(Extracted data entries)
:::
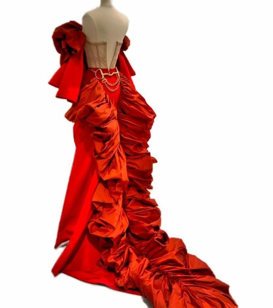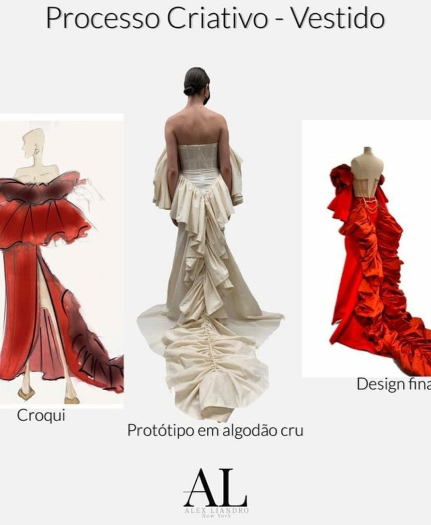 A batalha entre Mouros e Cristãos é representada nas suas roupas por elementos que remetem aos cavalos, armaduras e, claro, o sangue derramado. Assim como as nossas Cavalhadas, as criações de Alex Liandro transformam um tema tão profundo e sangrento em beleza, não para apagar o sofrimento da época, mas para ressaltar que a arte é capaz de fazer lembrar, criticar, ressignificar e transformar em beleza qualquer eventualidade humana.
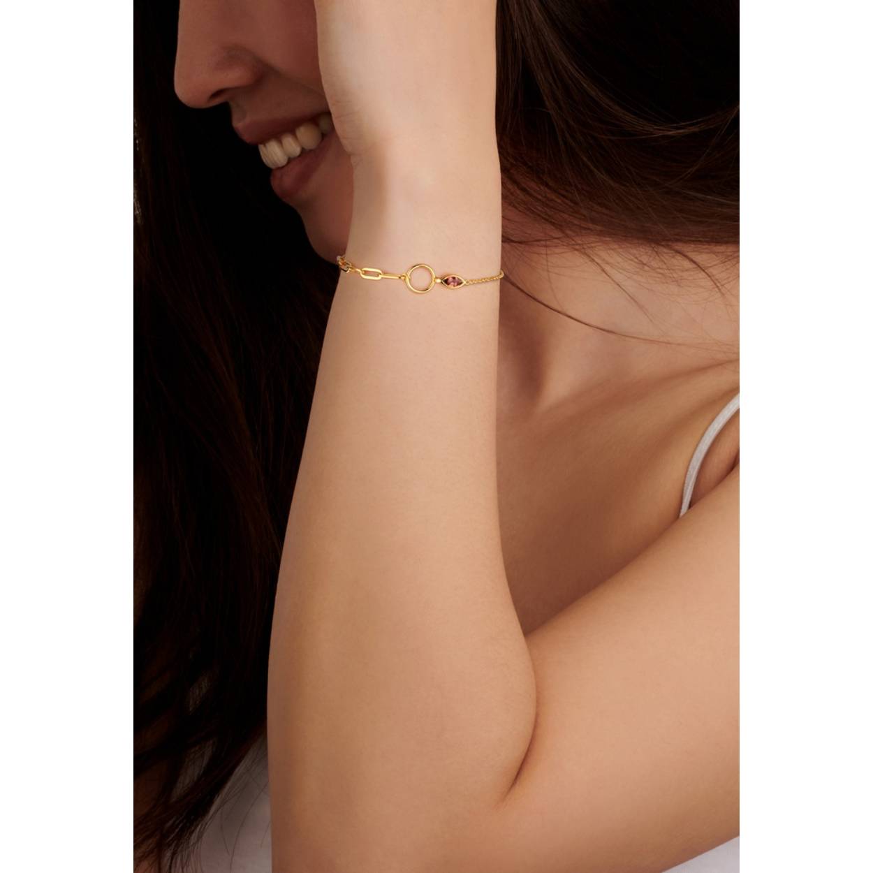 Goudkleurige armband met een écht diamantje en een markies geslepen roze Pyrope granaat
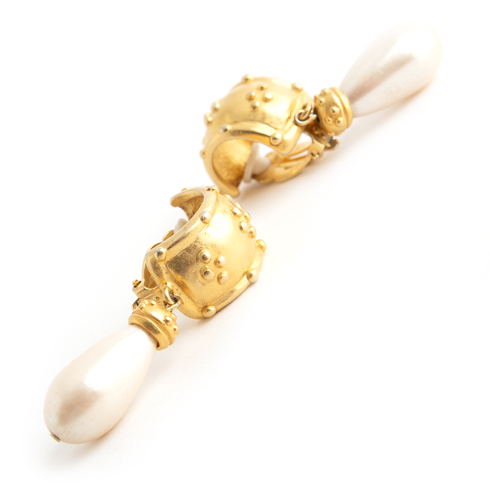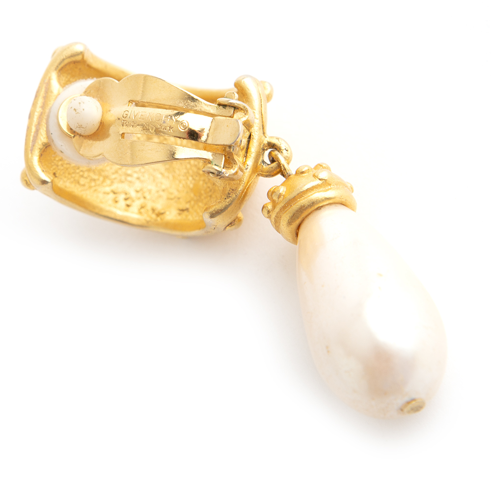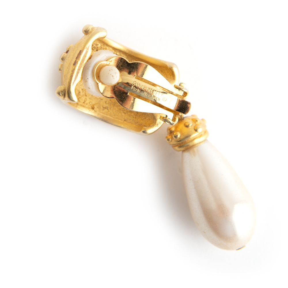 These are fabulous faux pearl dangle shaped 1980’s – 1990’s clip-on earrings from Givenchy.
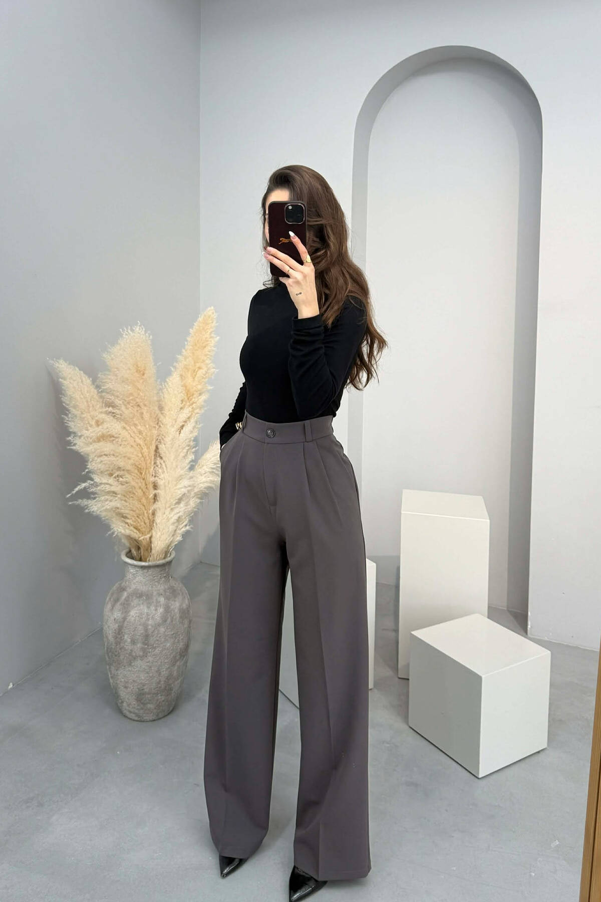ONE COLOR BELT DETAIL WOMAN TROUSERS DARK GREY/GEE
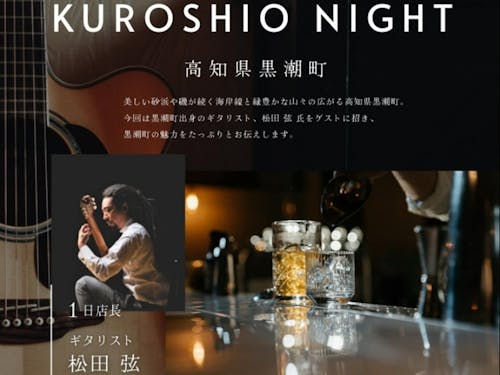 当日は町出身のギタリスト 松田弦 さんをお招きし、黒潮町の特産品も提供しながら魅力をたっぷりお伝えします。 どなたでもお気軽にお越しください!
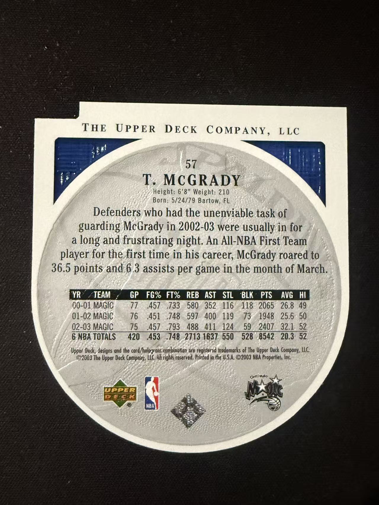 2003 Upper Deck Standing "O" Tracy McGrady 【大锦拍卖】魔术 特雷西 麦克格雷迪 麦迪 UD 异形 特卡 卡品如图(星球)
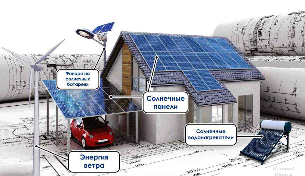 Для сбора и преобразования энергии солнца используются солнечные батареи на фотоэлектрических преобразователях и коллекторы, представляющие собой систему трубок, наполненных теплоносителем.
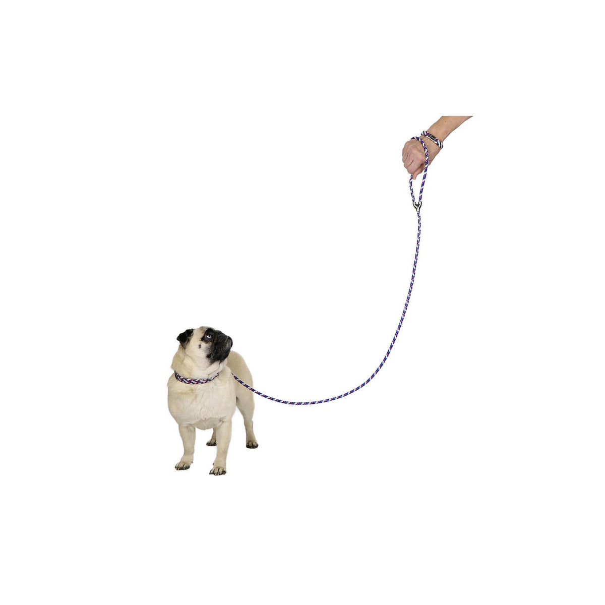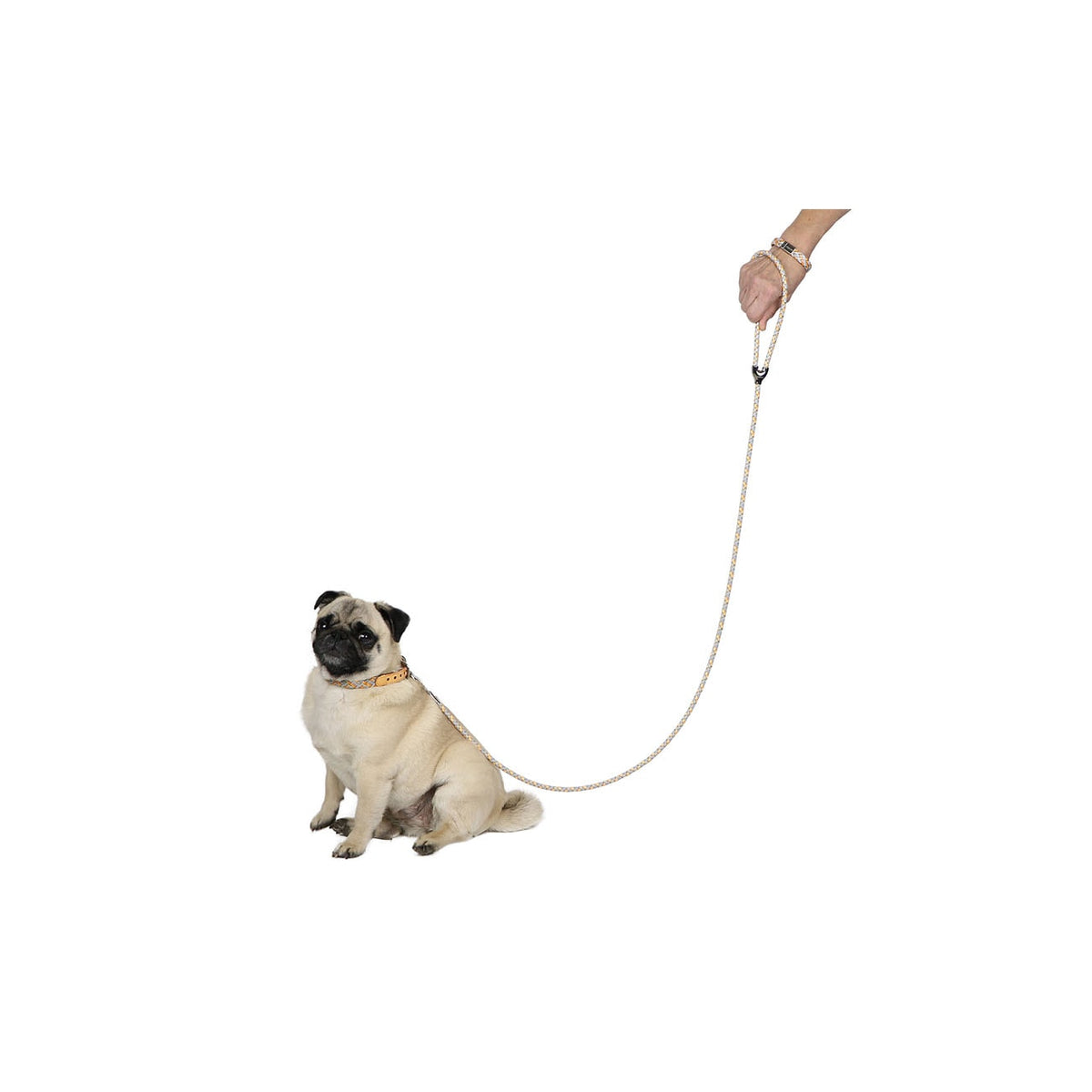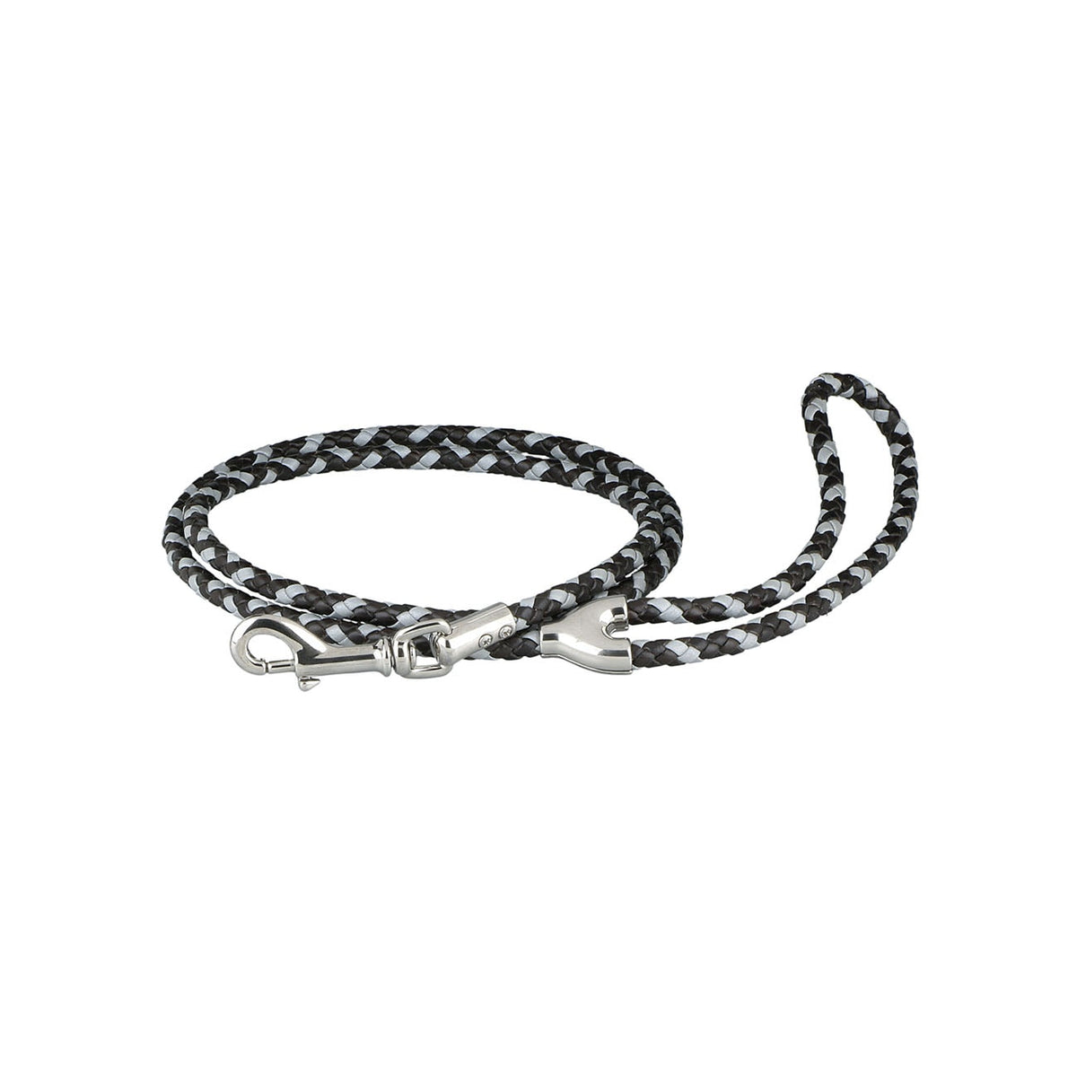 Very resistant leather and reflective fabric leash. It ensures greater visibility and safety by reflecting the light during dark hours. This item is wearable by small/medium dogs. All our leashes are 120 cm long.
:::
WORK ORDER
Copy each line above exactly. Images do not belong in the copy.

SOLUTION TO THIS EXERCISE
 A batalha entre Mouros e Cristãos é representada nas suas roupas por elementos que remetem aos cavalos, armaduras e, claro, o sangue derramado. Assim como as nossas Cavalhadas, as criações de Alex Liandro transformam um tema tão profundo e sangrento em beleza, não para apagar o sofrimento da época, mas para ressaltar que a arte é capaz de fazer lembrar, criticar, ressignificar e transformar em beleza qualquer eventualidade humana.
 Goudkleurige armband met een écht diamantje en een markies geslepen roze Pyrope granaat
 These are fabulous faux pearl dangle shaped 1980’s – 1990’s clip-on earrings from Givenchy.
ONE COLOR BELT DETAIL WOMAN TROUSERS DARK GREY/GEE
 当日は町出身のギタリスト 松田弦 さんをお招きし、黒潮町の特産品も提供しながら魅力をたっぷりお伝えします。 どなたでもお気軽にお越しください!
 2003 Upper Deck Standing "O" Tracy McGrady 【大锦拍卖】魔术 特雷西 麦克格雷迪 麦迪 UD 异形 特卡 卡品如图(星球)
 Для сбора и преобразования энергии солнца используются солнечные батареи на фотоэлектрических преобразователях и коллекторы, представляющие собой систему трубок, наполненных теплоносителем.
 Very resistant leather and reflective fabric leash. It ensures greater visibility and safety by reflecting the light during dark hours. This item is wearable by small/medium dogs. All our leashes are 120 cm long.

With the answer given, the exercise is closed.